As usual, all the old-lady fiascos occur. None of them are things I feel like coping with the first goddamn thing in the morning.

This morning, for example, I lost my glasses. Took them off to pull a shirt over my head, put them down SOMEwhere. And then…couldn’t find them. I searched and searched and searched and hated searching and hated searching and hated searching. Believe me, THAT is a hassle I hate at any time of day, and first thing in the morning it is hated with élan.

Finally found them where I’d put them down: in a bowl I use to hold make-up.

Naturally. Who wouldn’t lay their glasses down in a make-up tray?

Well, the computer says it’s after 7:30. Gotta go find a pair of shoes (probably in the freezer, hm?), wrestle the dogs into the house, find the car keys (no doubt in the pantry), and make my way down to the church.

6 thoughts on “Fourth Sunday…”

  1. The dog scenario you describe takes place here but replace the word dog with the word cat ….and that’s us….Our cats are older and some have “special needs”….medicine, etc….So each has to have their own food and of course everybody wants somebody else’s…Quite the adventure….
    And speaking of getting older….Just got my bank statement for my checking account from a Bank I have been dealing with, with this SAME account number, for ….going on 37 years. So much for loyalty… As it seems they have decided that not giving me interest on my money and making me pay for my own checks is not enough. Now it seems they want an additional $9 a month in fees as well…
    which isn’t going to happen…
    The troubling thing is when I go on their web site I see they are offering a $300 “bounty” to new business customers…..So in theory I can leave the bank wait a couple of months….and go back in as a “new customer” grab the $300 and split… I would think it would be more prudent to keep the customers you have….Pretty sure my age has something to do with this “new fee schedule”…
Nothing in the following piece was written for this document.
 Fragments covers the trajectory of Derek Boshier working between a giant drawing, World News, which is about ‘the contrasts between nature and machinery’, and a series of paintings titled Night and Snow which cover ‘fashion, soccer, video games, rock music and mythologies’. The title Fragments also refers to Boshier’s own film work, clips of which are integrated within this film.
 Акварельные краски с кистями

    • LOL! “Loyalty” does not seem to be a word in Bankese. Time to look for a credit union!

      I pay no fees, get a tiny (laughable!) bit of interest, and enjoy KILLER customer service. Their tellers and CSRs are wonderful, and you have a hard time beating their loan rates.

  2. Thanks Funny….Already a member and I agree hard to beat their rates. I wonder who will be these Bank folks customers in the future? I have been a customer for a loooong time….know a bit about banking and how it works. The crazy thing, I’ve read over the “new customer” docs and the regs for getting $300 reward…and IMHO I would/could qualify pretty easy. Might just do that and leave WITH the $300….kind of a kharma thing. How sad that loyalty is no longer valued….
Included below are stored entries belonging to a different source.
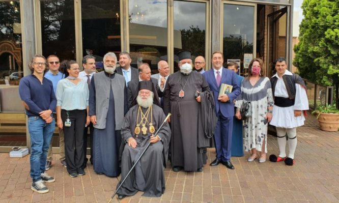 Κατόπιν, έλαβε τον λόγο ο κ. Σταύρος Νικολάου, ο οποίος αναφέρθηκε στην πολιτική του Πατριάρχου Θεοδώρου, για ελεύθερη πρόσβαση στην υγεία και στο πλαίσιο αυτό σχολίασε την παρασημοφόρηση του Νοτιοαφρικανού Προέδρου κ. Σύριλ Ραμαπόζα, ως εκ των ων ουκ άνευ λόγω της συμβολής του στην αντιμετώπιση του ιού Covid-19 και την αναγνώριση της θετικής του επιρροής του στην Αφρικανική Ένωση. Αναφέρθηκε δε στις συναντήσεις του Μακαριωτάτου με πολιτικούς παράγοντες της Νοτίου Αφρικής στην περιοχή του Γιοχάνεσμπουργκ και Πρετορίας.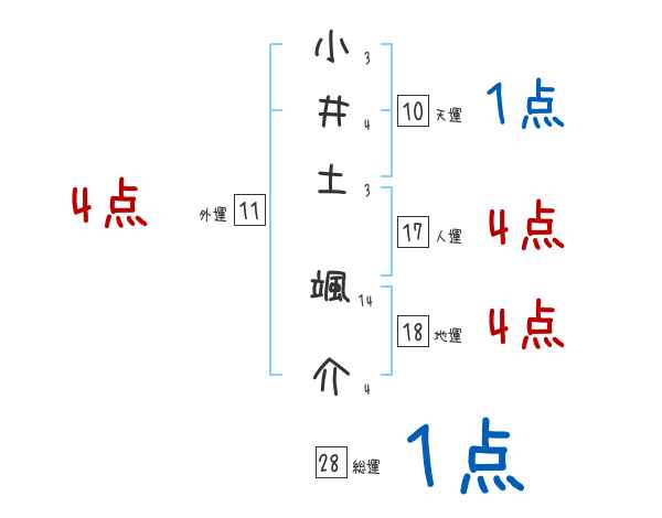小井土颯介さんの画数の鑑定結果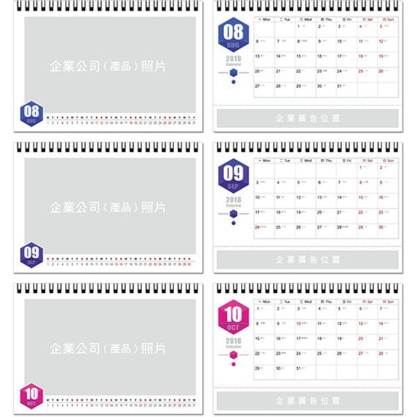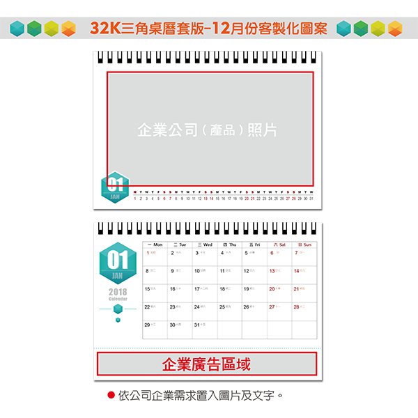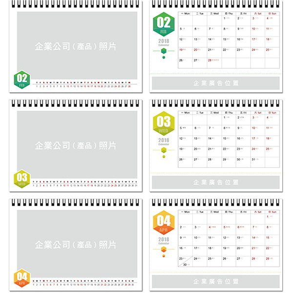 3. 桌曆尺寸18.8x13cm,印刷方式雙面彩色,每本13張。

    • Honestly, I think there are a lot of people who just don’t know any better. It’s amazing how ignorant many people are about personal finance and about financial institutions. Kinda scary. It’s just like fast food, processed foods full of sugar and salt, computer software that tracks you like Big Brother,. shoddy clothing sold under formerly good brand names, turkeys that are 15% water, and tomatoes that taste like cardboard: consumers quickly come to think “that’s just the way it is.” They think they have no choice but to accept it, and so they do.
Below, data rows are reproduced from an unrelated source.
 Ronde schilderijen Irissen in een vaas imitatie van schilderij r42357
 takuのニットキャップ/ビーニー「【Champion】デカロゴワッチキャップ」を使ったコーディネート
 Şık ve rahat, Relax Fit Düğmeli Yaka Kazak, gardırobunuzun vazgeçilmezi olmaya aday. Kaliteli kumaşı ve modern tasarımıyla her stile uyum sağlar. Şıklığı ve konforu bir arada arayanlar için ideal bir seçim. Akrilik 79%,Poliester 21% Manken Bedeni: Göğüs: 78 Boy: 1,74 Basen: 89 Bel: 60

  3. Loved this post – I am well into my eighties – can’t wait to hear your troubles when you get that far. My daughter says “MOther ( you recognize the tone) quit playing the old lady card and behave.”

    • LOL! Remember when she was 8 years old and you used to say, “JUST WAIT UNTIL YOU GROW UP AND HAVE A KID OF YOUR OWN!!!!”

      Well, now that she’s 40 or so, you can say “JUST WAIT UNTIL YOU’RE AN OLD BAT AND HAVE CROTCHETS OF YOUR OWN!!!!”